A summary of the acquisition process with tips, templates, and resources to help you get Acquire'd

In this article, you'll learn how to:

  1. Evaluate buyers
  2. Field acquisition offers
  3. Pass due diligence
  4. Close safely with escrow
  5. You've been Acquire'd!

Would you like free and expert advice on the acquisition process and how to create the perfect listing? Let us know by emailing support@acquire.com.

1. Evaluate buyers

Speak with interested buyers to find the right fit

Once your listing is live, interested buyers will request access to your startup’s private information to decide whether your business is worth acquiring. 

Before acquisition talks get serious, get to know interested buyers and their goals.

  • Look for the Verified identity badge on their profile, meaning they’ve successfully passed our ID checks, so you can feel safe that they are who they say they are.
  • Check LinkedIn to ensure their background and experience backs up any claims they’ve made in their opening message (or will make later).
  • Verify they have the skills and experience to earn a return on their investment. If you leave your business in good hands, everybody wins.
  • Look for the Verified funds badge that indicates they have the capital to acquire your startup. You don't want to waste time with a buyer who can't close the acquisition.

Share your data when the buyer signs an NDA

Buyers might ask to view code, contracts, and other sensitive data to help them decide whether to pursue an acquisition with you (called initial due diligence). 

We recommend asking buyers to sign a mutual NDA automatically with their requests for access so you can share data with confidence, available from your listing settings. You and the buyer can sign the mutual NDA as an individual or company based on how you intend to close the deal. 

Now is also a good time to set up your data room:

  • A data room is a virtual folder for sharing acquisition data.
  • Create and populate your data room now to save time later.
  • Your data room lets you control access to sensitive details.

Lock in buyer interest with an acquisition timeline

Set deadlines for each stage of your acquisition up to and including a letter of intent (LOI). Without deadlines, you risk the acquisition stalling, but they must work for both of you.

For example, set deadlines for:

  • Initial calls and light diligence
  • Negotiations, final questions, and initial offers
  • Receipt of the final, formal LOI

Communicate often and consistently to ensure your acquisition maintains momentum.

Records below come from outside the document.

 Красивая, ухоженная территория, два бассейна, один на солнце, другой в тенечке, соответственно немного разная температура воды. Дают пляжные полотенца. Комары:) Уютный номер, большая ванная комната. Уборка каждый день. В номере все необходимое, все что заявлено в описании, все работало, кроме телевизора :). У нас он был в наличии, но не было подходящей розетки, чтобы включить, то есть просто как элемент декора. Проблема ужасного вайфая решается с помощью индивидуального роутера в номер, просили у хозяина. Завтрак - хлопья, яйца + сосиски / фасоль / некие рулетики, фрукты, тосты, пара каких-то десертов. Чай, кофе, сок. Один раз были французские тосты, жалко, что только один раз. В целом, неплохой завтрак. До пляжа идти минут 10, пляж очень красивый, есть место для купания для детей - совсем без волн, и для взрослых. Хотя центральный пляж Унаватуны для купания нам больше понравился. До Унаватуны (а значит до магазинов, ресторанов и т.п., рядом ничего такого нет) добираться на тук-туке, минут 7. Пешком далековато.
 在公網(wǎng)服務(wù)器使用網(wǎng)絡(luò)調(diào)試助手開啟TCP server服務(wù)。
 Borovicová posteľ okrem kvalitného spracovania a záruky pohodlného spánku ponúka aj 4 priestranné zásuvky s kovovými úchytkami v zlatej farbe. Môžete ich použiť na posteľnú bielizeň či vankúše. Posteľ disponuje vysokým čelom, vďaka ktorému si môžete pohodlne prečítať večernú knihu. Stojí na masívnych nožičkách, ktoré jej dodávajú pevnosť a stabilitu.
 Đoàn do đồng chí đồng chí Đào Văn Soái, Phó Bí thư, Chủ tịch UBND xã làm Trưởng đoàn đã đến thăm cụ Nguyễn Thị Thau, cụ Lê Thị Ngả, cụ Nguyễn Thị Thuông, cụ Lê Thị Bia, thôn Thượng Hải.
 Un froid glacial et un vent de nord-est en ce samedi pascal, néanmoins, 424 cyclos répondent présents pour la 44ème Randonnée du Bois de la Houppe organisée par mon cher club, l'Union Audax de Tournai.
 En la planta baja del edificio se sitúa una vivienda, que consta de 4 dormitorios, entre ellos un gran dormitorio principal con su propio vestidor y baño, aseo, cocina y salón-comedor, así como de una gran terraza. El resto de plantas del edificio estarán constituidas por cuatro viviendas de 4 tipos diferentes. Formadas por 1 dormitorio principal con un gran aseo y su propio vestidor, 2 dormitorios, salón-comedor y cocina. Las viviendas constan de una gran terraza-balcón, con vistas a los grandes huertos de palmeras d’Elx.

Evaluating buyers with Acquire.com founder, Andrew Gazdecki



Further reading

  1. How to Evaluate Potential Buyers for Your Business
  2. 10 Ways to Attract Startup Acquisition Offers


Letter of intent (LOI)

A formal, written document indicating the terms a buyer is offering a seller in a proposed acquisition. Although not a contract, it is a document stating a serious intent, and may be legally binding in some circumstances. Consider the LOI as a starting point for negotiations.

Data room

A virtual, shareable folder where you store all the documents and data relating to your acquisition. As well as being a convenient way to share information, your data room allows you to retain control of sensitive data while moving forward with the acquisition.

Non-disclosure agreement (NDA)

Sometimes called a confidentiality clause, an NDA is a legal agreement between you and the buyer that prevents the buyer from sharing or disclosing information about your company to third parties or for other uses outside of an acquisition.

2. Field offers

Review the purchase price, terms, and conditions in an letter of intent

Your acquisition offers will come in the form of a letter of intent (LOI).

Although not usually legally binding, an LOI can include legally binding terms, especially in lieu of a signed asset purchase agreement (APA). Hire counsel to help review the terms.

An LOI is typically valid for a week or more and includes:

  • Assets to be acquired
  • Deal structure and payment terms
  • Escrow and closing conditions

Unsure how to review and negotiate a letter of intent? Speak to one of our customer success managers to help you get the deal you deserve.

Negotiate until you’re satisfied with the price, terms, and deal structure

Once you receive the LOI, review the terms before the offer expires and then negotiate anything you’re unhappy with. Every point of an LOI is negotiable.

For example, you might:

  • Suggest a shorter exclusivity period.
  • Negotiate a better price or deal structure.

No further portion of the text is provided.